Idiophantis soreuta

Scientific classification
- Domain: Eukaryota
- Kingdom: Animalia
- Phylum: Arthropoda
- Class: Insecta
- Order: Lepidoptera
- Family: Gelechiidae
- Genus: Idiophantis
- Species: I. soreuta
- Binomial name: Idiophantis soreuta Meyrick, 1906

= Idiophantis soreuta =

- Authority: Meyrick, 1906

Species of moth

Idiophantis soreuta is a moth of the family Gelechiidae. It was described by Edward Meyrick in 1906. It is found in Sri Lanka.

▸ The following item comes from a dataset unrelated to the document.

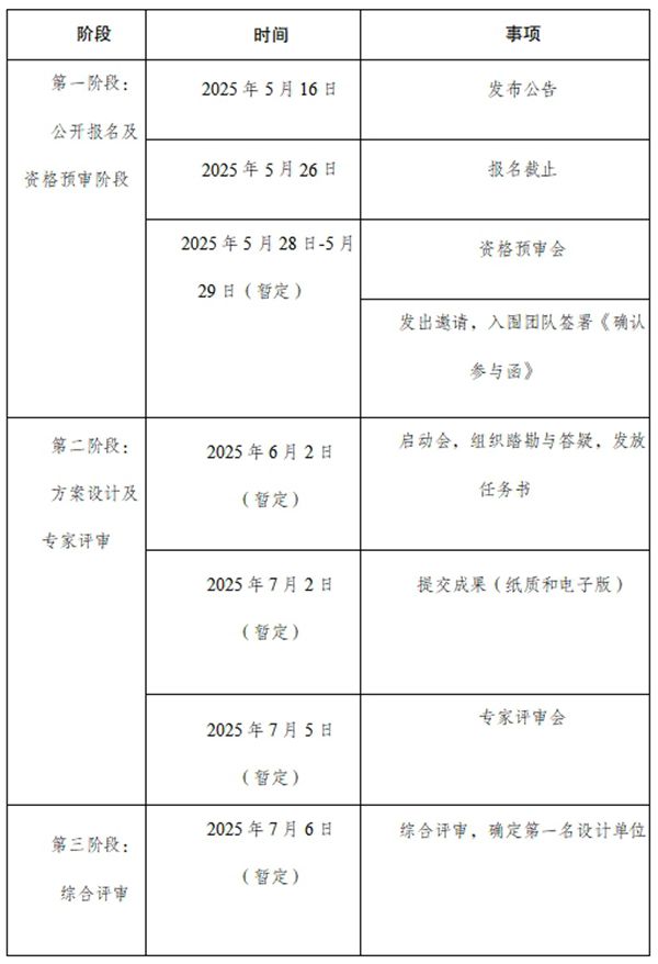 (一)本次征集活动分为三个阶段。第一阶段为公开报名及资格预审,时长约10天;第二阶段为方案策划及专家评审,时长约50天;第三阶段为综合评审。

The wingspan is 13–14 mm. The forewings are pale brownish ochreous, towards the apex yellowish tinged and with a dark fuscous patch extending along the costa from the base to two-thirds, not reaching halfway across the wing, the lower edge with two short darker rounded prominences before the middle, the posterior edge straight, oblique. There are a few variable scattered dark fuscous dots or dashes between this and the dorsum, as well as a fine whitish fuscous-edged line from three-fourths of the costa to the dorsum before the tornus, right-angled above the middle with the arms subsinuate. A whitish streak is found along the costa towards the apex, edged with fuscous beneath. There is also a small dark metallic-bronze spot on the termen beneath the middle. The hindwings are fuscous.